*Extracted entries*.
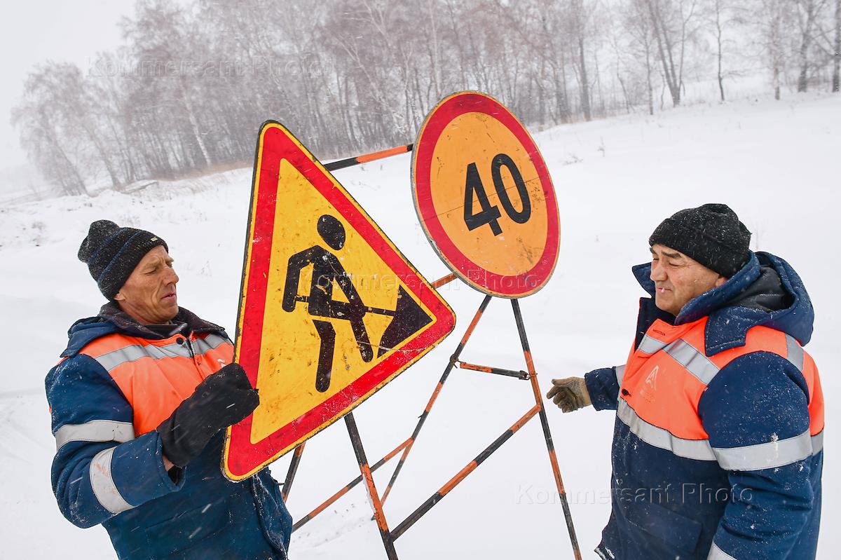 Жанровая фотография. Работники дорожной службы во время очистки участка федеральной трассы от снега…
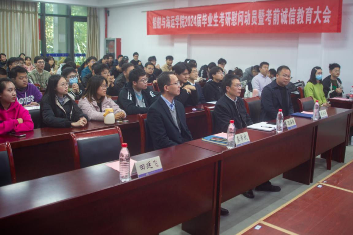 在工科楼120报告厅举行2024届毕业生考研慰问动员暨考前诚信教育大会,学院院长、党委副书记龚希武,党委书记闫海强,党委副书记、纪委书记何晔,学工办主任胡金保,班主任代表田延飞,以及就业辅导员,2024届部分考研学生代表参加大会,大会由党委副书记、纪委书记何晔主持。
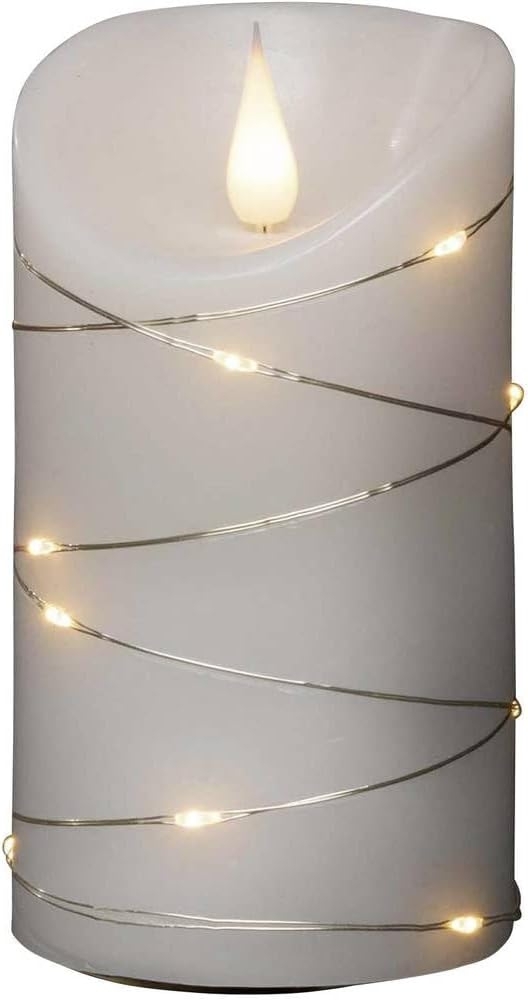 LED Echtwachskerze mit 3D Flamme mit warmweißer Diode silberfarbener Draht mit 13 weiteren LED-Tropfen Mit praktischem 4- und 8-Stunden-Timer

* * *

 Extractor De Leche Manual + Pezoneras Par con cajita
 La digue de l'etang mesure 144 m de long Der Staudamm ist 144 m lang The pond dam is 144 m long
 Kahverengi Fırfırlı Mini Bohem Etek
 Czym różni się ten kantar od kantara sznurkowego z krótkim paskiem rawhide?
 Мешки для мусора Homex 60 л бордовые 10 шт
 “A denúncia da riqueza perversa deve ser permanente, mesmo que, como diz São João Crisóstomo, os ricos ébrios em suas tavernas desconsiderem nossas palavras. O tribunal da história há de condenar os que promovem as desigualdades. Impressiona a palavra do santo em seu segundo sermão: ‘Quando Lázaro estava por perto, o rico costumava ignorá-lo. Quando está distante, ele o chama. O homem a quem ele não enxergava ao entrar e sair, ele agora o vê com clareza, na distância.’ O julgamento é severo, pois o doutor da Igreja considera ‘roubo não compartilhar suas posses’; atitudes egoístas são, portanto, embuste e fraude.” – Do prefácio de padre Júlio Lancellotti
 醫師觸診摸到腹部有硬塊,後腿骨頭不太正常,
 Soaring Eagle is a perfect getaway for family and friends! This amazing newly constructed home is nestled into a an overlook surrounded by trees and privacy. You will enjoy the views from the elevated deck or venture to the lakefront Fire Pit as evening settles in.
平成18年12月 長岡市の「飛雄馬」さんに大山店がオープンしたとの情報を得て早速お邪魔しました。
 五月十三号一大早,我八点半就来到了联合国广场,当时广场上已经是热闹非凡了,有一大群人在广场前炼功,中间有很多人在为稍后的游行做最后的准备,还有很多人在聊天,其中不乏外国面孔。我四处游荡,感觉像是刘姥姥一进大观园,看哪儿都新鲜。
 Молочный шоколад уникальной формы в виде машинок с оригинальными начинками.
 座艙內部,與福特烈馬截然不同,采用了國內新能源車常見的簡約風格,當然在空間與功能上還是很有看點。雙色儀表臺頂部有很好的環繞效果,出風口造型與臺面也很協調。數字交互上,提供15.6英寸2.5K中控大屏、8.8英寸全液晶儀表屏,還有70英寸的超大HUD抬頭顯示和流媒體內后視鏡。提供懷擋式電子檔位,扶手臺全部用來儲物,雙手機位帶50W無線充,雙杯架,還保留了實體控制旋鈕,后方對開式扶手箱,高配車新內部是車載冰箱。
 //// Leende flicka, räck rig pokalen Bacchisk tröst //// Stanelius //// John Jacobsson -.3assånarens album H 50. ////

---

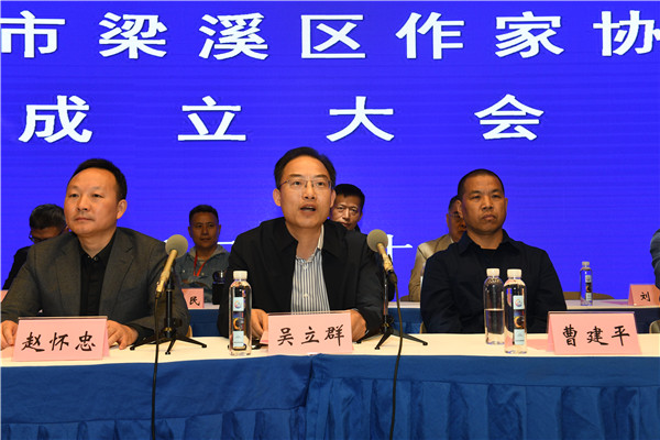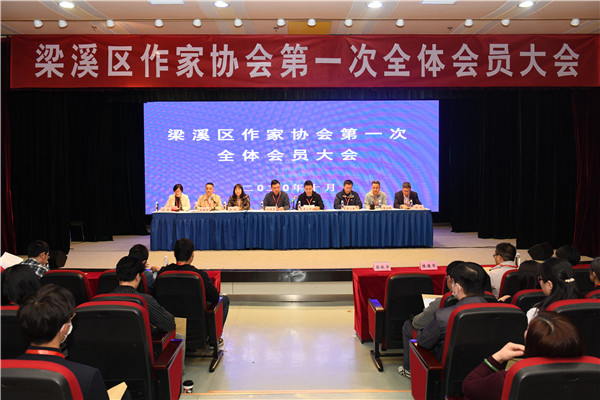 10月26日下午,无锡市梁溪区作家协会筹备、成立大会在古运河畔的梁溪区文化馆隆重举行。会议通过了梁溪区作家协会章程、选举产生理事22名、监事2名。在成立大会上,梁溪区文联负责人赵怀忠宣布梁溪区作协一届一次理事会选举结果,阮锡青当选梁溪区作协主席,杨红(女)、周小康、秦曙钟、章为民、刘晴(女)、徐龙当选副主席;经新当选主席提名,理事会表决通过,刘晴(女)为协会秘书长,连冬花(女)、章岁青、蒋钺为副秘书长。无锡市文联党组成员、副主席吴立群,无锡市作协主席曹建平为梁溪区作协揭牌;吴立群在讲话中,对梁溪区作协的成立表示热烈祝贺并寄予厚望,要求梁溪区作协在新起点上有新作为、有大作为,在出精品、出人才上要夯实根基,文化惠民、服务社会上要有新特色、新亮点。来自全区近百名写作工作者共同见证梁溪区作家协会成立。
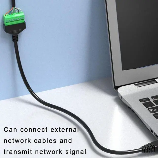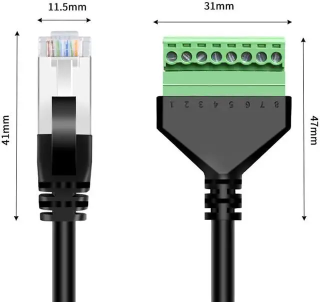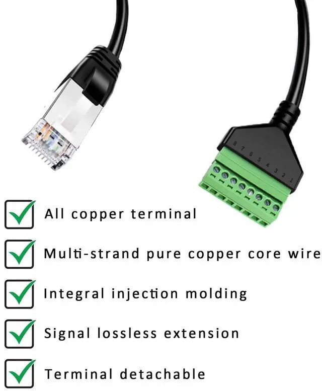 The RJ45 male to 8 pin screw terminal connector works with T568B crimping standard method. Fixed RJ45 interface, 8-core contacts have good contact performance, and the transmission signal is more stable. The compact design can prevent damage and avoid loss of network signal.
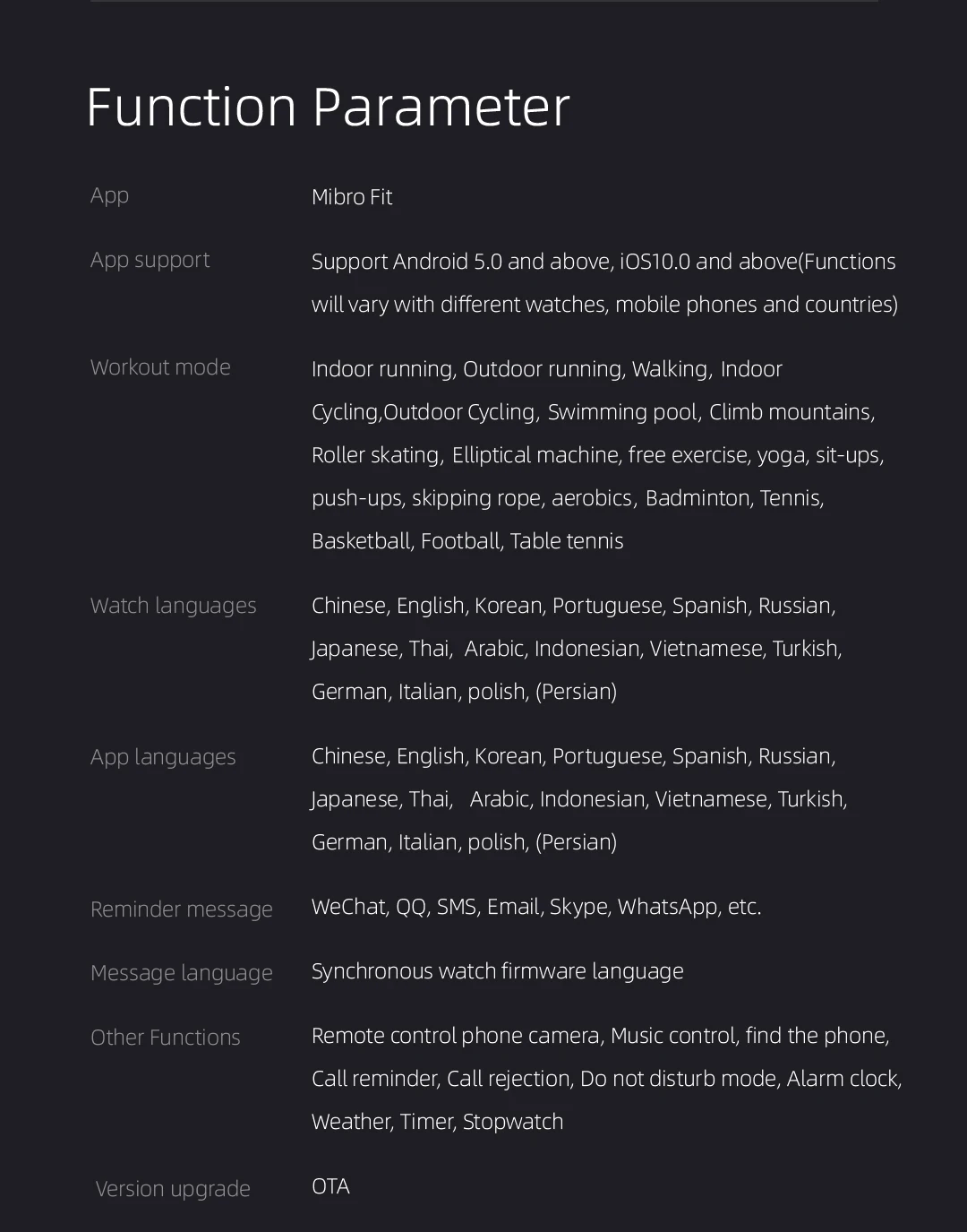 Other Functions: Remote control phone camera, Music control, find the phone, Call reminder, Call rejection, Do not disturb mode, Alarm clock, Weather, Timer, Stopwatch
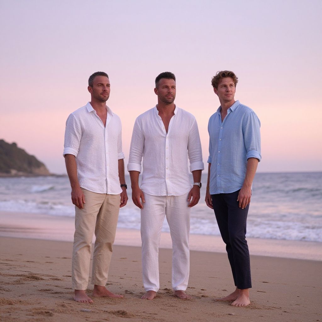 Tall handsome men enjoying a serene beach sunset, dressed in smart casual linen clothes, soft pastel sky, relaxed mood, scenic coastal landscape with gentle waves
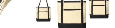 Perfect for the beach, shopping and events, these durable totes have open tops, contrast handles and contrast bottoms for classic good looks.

*What is being asked*. Using the entries above, extract exactly the span from the line with "平成18年12月 長岡市の「" to the line with "Молочный шоколад уникальной", both lines included; leave out everything else.

*Output for this task*.
平成18年12月 長岡市の「飛雄馬」さんに大山店がオープンしたとの情報を得て早速お邪魔しました。
 五月十三号一大早,我八点半就来到了联合国广场,当时广场上已经是热闹非凡了,有一大群人在广场前炼功,中间有很多人在为稍后的游行做最后的准备,还有很多人在聊天,其中不乏外国面孔。我四处游荡,感觉像是刘姥姥一进大观园,看哪儿都新鲜。
 Молочный шоколад уникальной формы в виде машинок с оригинальными начинками.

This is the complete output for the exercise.